December 9, 2010 at 3:24 pm #117542
A few questions to drive discussion:
1 – Do you think it was a wise choice to use a wiki instead of a crowd-sourcing platform?
2 – Will the average citizen get engaged…or will it only attract government geeks (like us!), special interest groups and software developers…and is that okay?
3 – If you don’t think the average citizen will get involved, what are your suggestions for attracting a wider array of insights and expertise?
January 6, 2011 at 9:06 pm #117556
ExpertNet Wiki just extended two week http://www.whitehouse.gov/blog/2011/01/06/expertnet-two-more-weeks-weigh
January 7, 2011 at 12:07 am #117554
A few interim answers to your three questions:
1. While Wikispaces may be best known for its core wiki capabilities, the ExpertNet online consultation has relied mainly on the built-in discussion forum (100 wiki edits since 12/08 vs. 500+ discussion posts). The tool appears to be a good fit for this kind of process, and I’m not sure if any of the “crowdsourcing” platforms would have been a better choice. Success depends mainly on “soft factors” (such as good outreach, moderation, facilitation etc.), all of which seem to be lacking with regard to this online consultation.
2. To date, 44 users have registered including the convener team (however, 17 of these have not posted to the discussions nor made any edits). I find this number to be extremely low.

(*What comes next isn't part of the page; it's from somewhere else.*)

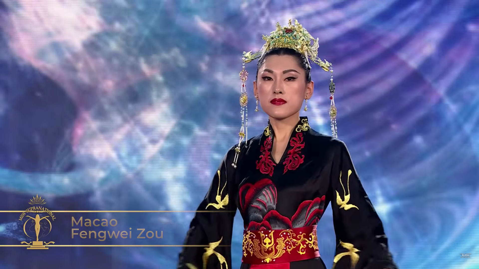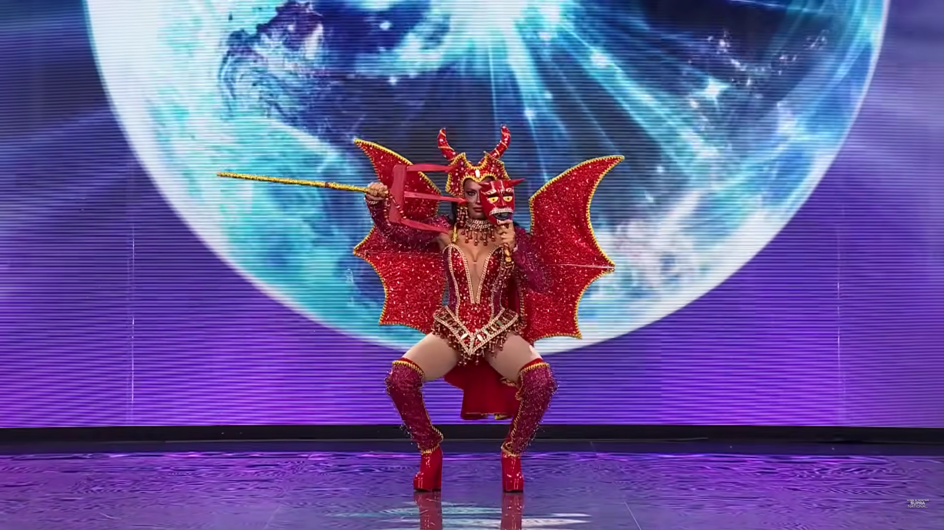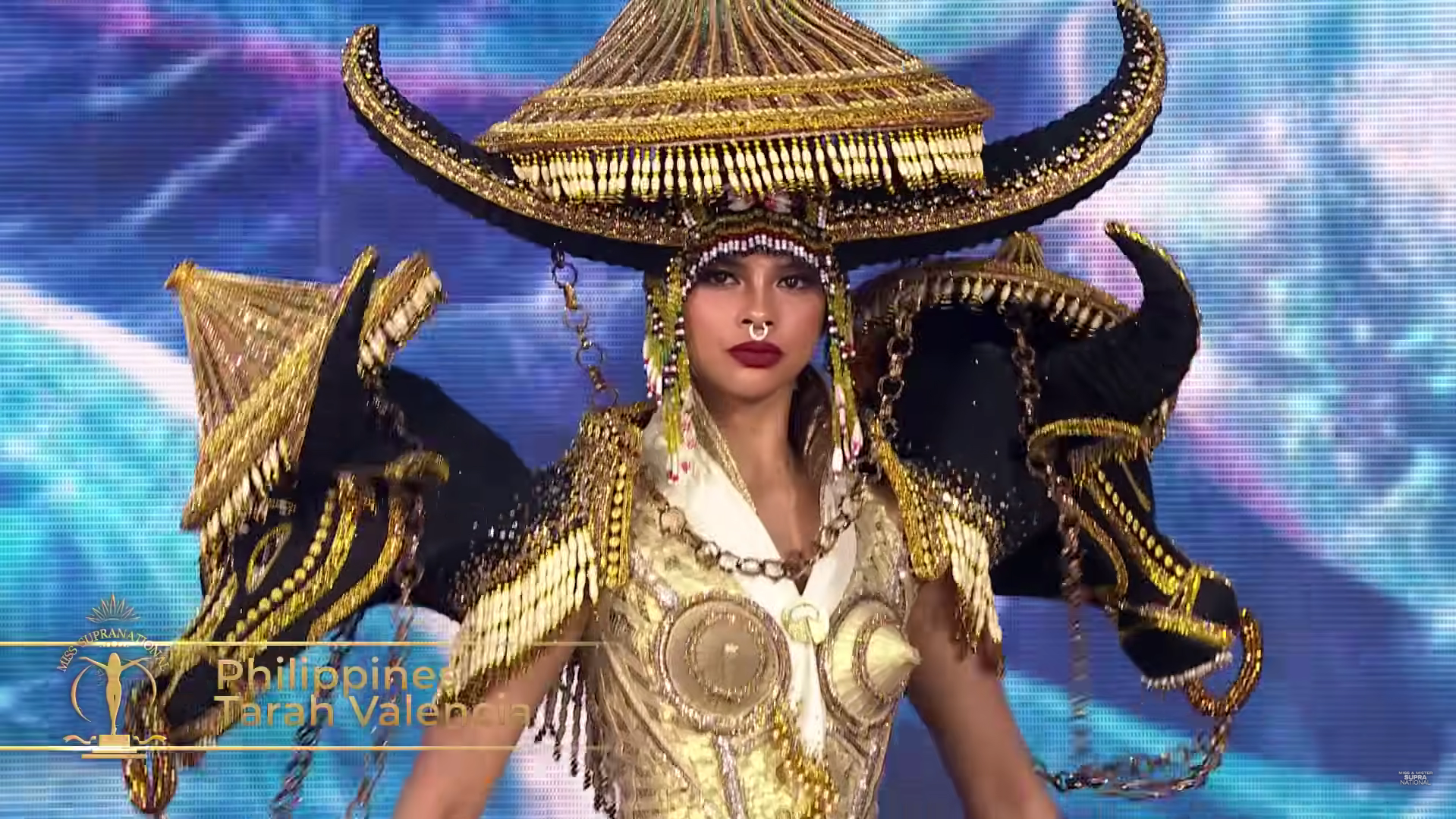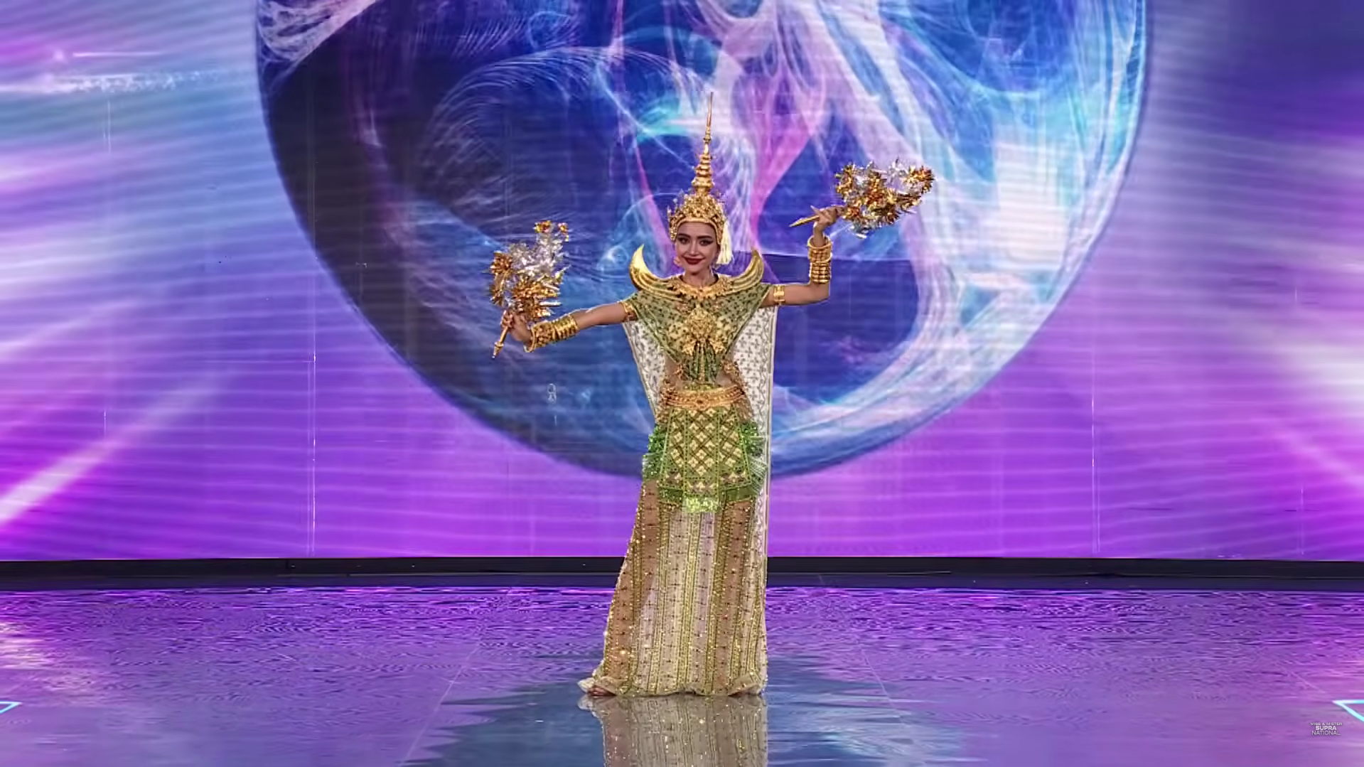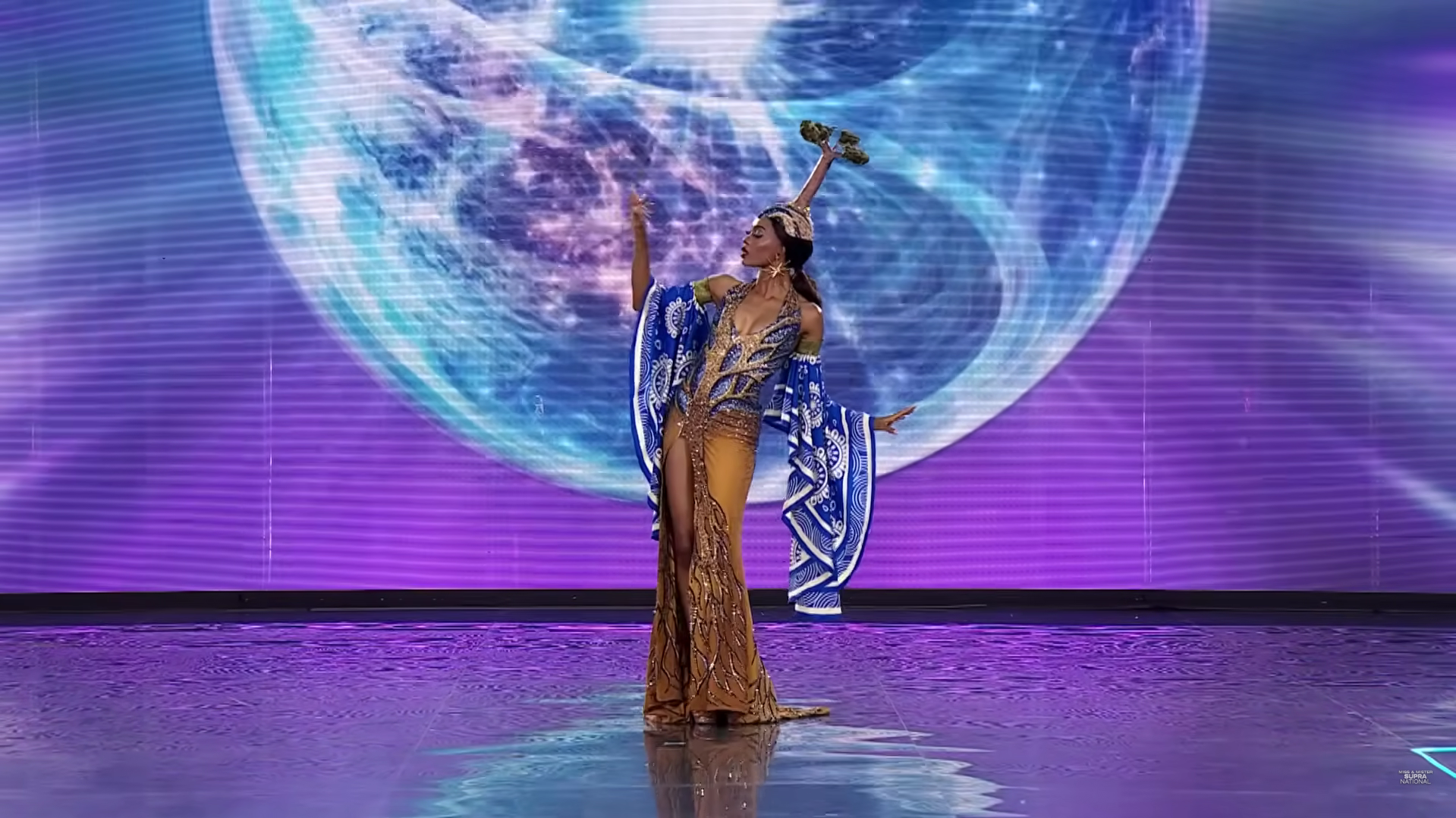 Đại diện Việt Nam - Võ Cao Kỳ Duyên gây ấn tượng khi hóa thân thành một tô phở Hà Nội ăn kèm quẩy. Thiết kế mô phỏng chiếc tô sứ hoa lam quen thuộc đi kèm các chi tiết như thịt bò, rau thơm, quẩy và chén nước chấm đặt trên đầu. Dù bộ trang phục khá cồng kềnh, Kỳ Duyên vẫn tự tin sải bước, nở nụ cười rạng rỡ với đạo cụ.

3. Even within the niche community of people interested in Open Government, the ExpertNet online consultation seems to be facing a classic outreach challenge that doesn’t seem to have been appropriately addressed. Almost two years into this whole thing, I find this underwhelming if not a bit worrying.

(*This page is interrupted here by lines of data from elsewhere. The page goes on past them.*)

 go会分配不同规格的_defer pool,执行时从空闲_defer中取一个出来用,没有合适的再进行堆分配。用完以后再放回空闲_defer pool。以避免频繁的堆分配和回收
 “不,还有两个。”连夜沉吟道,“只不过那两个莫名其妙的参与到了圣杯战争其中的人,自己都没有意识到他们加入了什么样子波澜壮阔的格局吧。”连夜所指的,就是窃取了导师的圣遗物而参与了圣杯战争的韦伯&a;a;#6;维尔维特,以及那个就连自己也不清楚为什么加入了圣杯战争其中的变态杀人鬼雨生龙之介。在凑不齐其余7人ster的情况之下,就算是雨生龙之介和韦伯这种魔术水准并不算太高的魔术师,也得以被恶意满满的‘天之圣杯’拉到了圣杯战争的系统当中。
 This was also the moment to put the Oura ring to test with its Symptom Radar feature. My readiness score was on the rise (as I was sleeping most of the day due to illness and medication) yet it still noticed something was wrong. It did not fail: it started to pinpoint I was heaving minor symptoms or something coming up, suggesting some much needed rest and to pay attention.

January 7, 2011 at 12:47 am #117552
I agree with the issue of the number and that’s why I think the hardest part for engagements is building an audience. It takes time/hard work to build audience and engage them and grows over time (just like a new restaurant, hard part isn’t just the building or food, but getting people there and growing that over time).
But I’d also wonder how many lurkers are out there – there’s really no incentive to register if you want to just lurk. There are no compelling calls to action about joining/incentives to join/low asks (like “liking” something)
January 7, 2011 at 2:04 am #117550
Roughly 25K “views” since Dec 1, 2010 according to their public stats (http://expertnet.wikispaces.com/space/stats/overview). At roughly 30 days since launch, that’s less than 1,000 views per day.
An average of about 200-250 unique visitors per day.
January 7, 2011 at 2:53 am #117548
Correction: it appears that the member list does not show all participants. There are at least 80 more users who have made at least one edit or post.
January 7, 2011 at 3:35 am #117546
Got a quick reply from Wikispaces: “They have their wiki setup so that you have to be logged in to edit but you don’t have to be a member of the wiki to edit. That’s why members is not the same as editors, in this case.”